Exercise:
Only the text is wanted; write out each record below exactly and exclude all pictures.

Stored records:
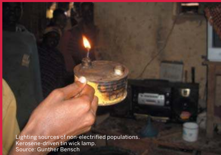
Lighting sources of non-electrified populations. Kerosene-driven tin wick lamp.

Head of "Climate Change in Developing Countries" group, RWI
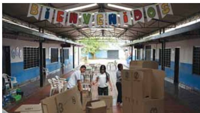
Preparations underway for the first round of the presidential election to be held on May 31, in Santander de Quilichao.

"Ultimately, AI should complement, not replace, human care and offline coping mechanisms, enhancing resilience, while preserving the social bonds vital for long-term wellbeing," he added.
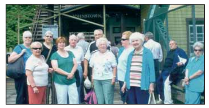
Pittsburgh District members enjoy an outing to Johnstown's Inclined Plane.

Written response:
Lighting sources of non-electrified populations. Kerosene-driven tin wick lamp.

Head of "Climate Change in Developing Countries" group, RWI
Preparations underway for the first round of the presidential election to be held on May 31, in Santander de Quilichao.

"Ultimately, AI should complement, not replace, human care and offline coping mechanisms, enhancing resilience, while preserving the social bonds vital for long-term wellbeing," he added.
Pittsburgh District members enjoy an outing to Johnstown's Inclined Plane.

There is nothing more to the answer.